Since we have around 1 million records for the month of January, we are taking sample data for visualization purposes only.
One can download the above output here for better readability.
From the above results, one can infer that
The top node of the tree represents the most important feature for predicting the total fare amount, which in this case is trip distance and base fare amount. We have seen from the correlation analysis done in Naive Bayes Analysis that trip distance is directly correlated to the base fare amount. Thus, it's fair to say that the total fare amount is either dependent on one of these features as a root node for the Decision tree.
The leaf nodes of the tree represent the predicted fare amount based on the combination of features in that branch.
As discussed above in terms of the root node, the decision tree is heavily reliant on a few of the features from the dataset. They are base fare amount, tip amount and extra charges.

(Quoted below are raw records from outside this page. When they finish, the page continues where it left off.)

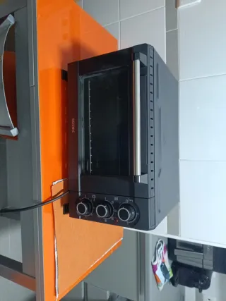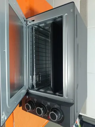 Vendo mi horno por tener uno nuevo Funciona perfectamente Son 150 nuevo !! A recoger en chueca Horno eléctrico compacto para colocar sobre la encimera de la cocina. - Puerta frontal con cristal. - Rejilla interior. - Bandeja. - Mandos de control. Su puerta abatible con doble cristal y termostato de temperatura hasta 230°C garantizan una cocción perfecta en cada preparación. Con una potencia total de 1400W, este horno en color negro se adapta a cualquier cocina. Sus dimensiones de 49.8 x 29.7 x 37.96 cm lo hacen ideal para espacios reducidos sin sacrificar capacidad. ¡Haz de la cocina un lugar más práctico y moderno con este i
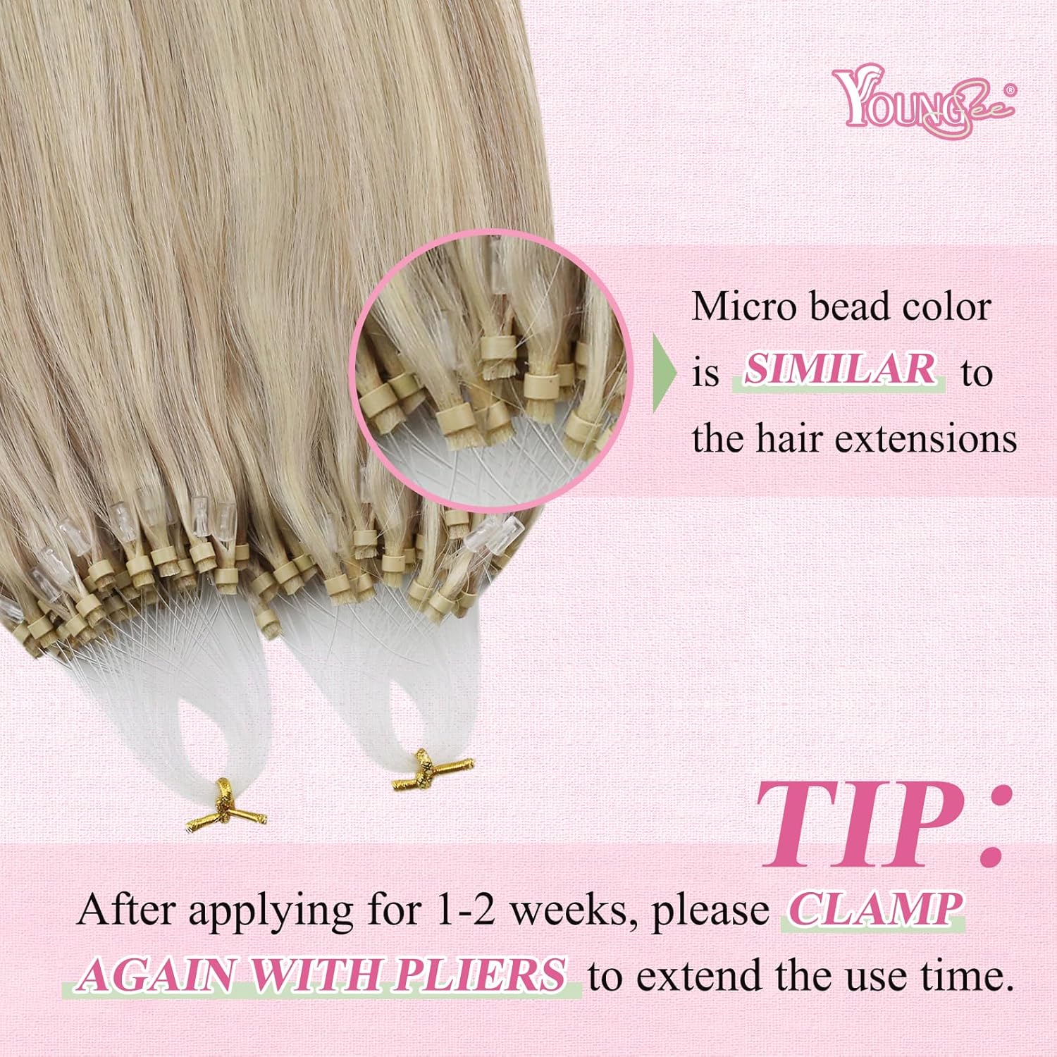 - 【YoungSee ✿ Invisible】 Die Mikroperlen auf unseren Haarverlängerungen mit Mikroschleife sind sehr klein, wodurch das Haar nahtloser und natürlicher aussieht. Keine Hitze zum Tragen erforderlich, kein Klebstoff erforderlich, praktisch harmlos für
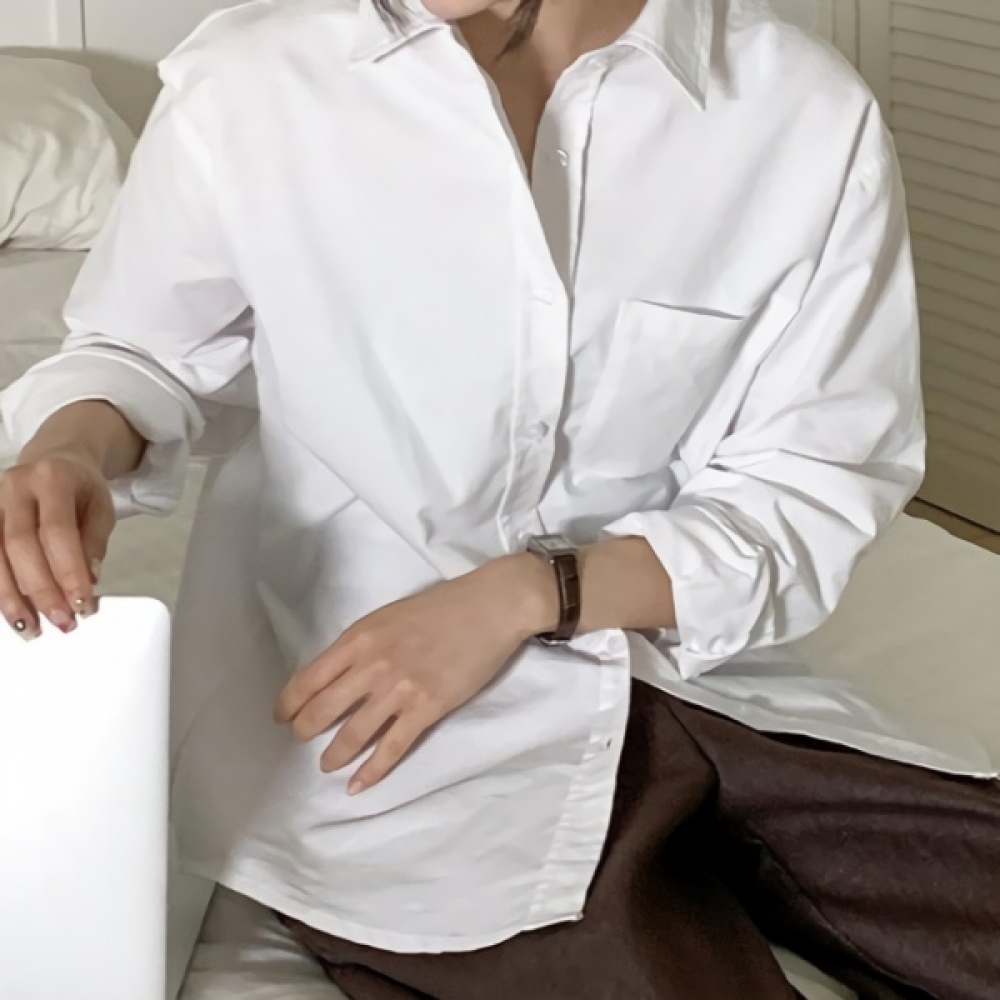 여성 봄 여름 오버핏 무지 포켓 코튼 셔츠

Other 2-minute features which impact the tree are trip time and trip distance. Even though these features don't have such a high impact on the tree, from the previous analysis, it is clear that the higher the trip distance, the higher the trip time and base fare amount.
The performance of the Decision Tree can be calculated using accuracy and finding the error rate. One way to visualize the accuracy is through a confusion matrix as shown below.
The accuracy of the model is:
Train accuracy: 86.20%
Test accuracy: 81.79%
The model has been trained on a dataset with a sizeable amount of accuracy, as the training accuracy is 86.20%. This means the model is able to predict the fare amount for trips in the training dataset with reasonable accuracy.
The test accuracy is 81.79%, which is also comparable to the training accuracy. This is a good sign as it indicates that the model is able to generalize well to new, unseen data.
However, we would need to perform additional evaluation measures such as precision, recall, and F1 score to have a better understanding of the model's performance. If the precision, recall, and F1 score of the model are also high, it would mean that the model is performing well in predicting the fare amount.
It is important to carefully evaluate the performance of a model on both the training and test data to ensure that it is able to generalize well to new data and provide accurate predictions in real-world scenarios.